● **ACTION ITEM**
Below is a listing. Return the lines from the one that contains "先生たちに囲まれて、安心しな" to the one that contains "बैक्ठकमा प्रधानमन्त्रीसमेत रहेका", both ends included, verbatim and with no pictures.

● **INFORMATION**
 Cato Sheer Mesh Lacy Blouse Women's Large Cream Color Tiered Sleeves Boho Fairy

==

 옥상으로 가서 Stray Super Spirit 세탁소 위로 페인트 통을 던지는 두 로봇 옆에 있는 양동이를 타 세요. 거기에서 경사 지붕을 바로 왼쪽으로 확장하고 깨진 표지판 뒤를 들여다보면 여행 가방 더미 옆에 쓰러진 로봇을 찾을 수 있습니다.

==

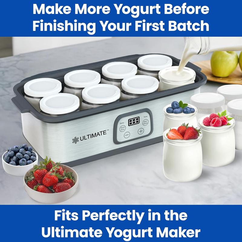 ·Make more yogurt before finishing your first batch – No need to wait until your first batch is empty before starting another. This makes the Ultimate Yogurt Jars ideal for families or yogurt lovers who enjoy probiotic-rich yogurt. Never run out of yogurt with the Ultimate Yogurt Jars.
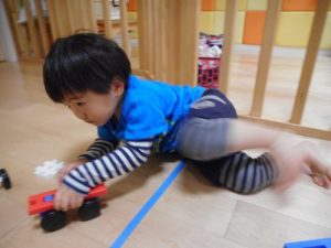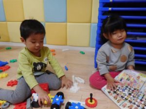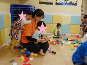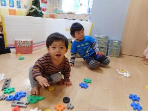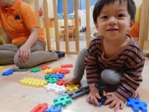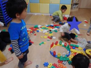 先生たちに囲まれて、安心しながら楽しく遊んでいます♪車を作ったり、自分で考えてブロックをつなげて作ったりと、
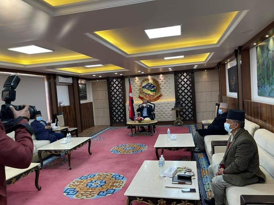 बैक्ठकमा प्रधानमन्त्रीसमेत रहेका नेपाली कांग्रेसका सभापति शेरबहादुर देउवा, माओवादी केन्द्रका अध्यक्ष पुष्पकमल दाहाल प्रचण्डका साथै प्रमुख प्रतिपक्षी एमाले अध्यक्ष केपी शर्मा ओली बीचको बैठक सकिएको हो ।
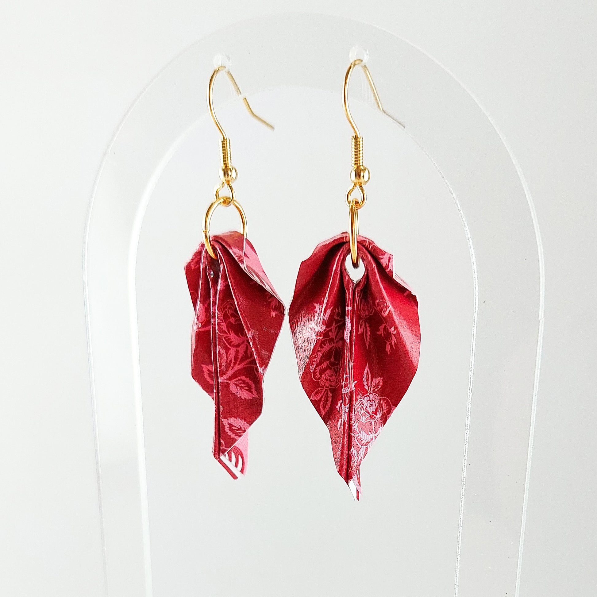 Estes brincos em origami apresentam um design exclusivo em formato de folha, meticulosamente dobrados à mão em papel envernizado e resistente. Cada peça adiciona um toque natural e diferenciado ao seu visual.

● **ANSWER**
 先生たちに囲まれて、安心しながら楽しく遊んでいます♪車を作ったり、自分で考えてブロックをつなげて作ったりと、
 बैक्ठकमा प्रधानमन्त्रीसमेत रहेका नेपाली कांग्रेसका सभापति शेरबहादुर देउवा, माओवादी केन्द्रका अध्यक्ष पुष्पकमल दाहाल प्रचण्डका साथै प्रमुख प्रतिपक्षी एमाले अध्यक्ष केपी शर्मा ओली बीचको बैठक सकिएको हो ।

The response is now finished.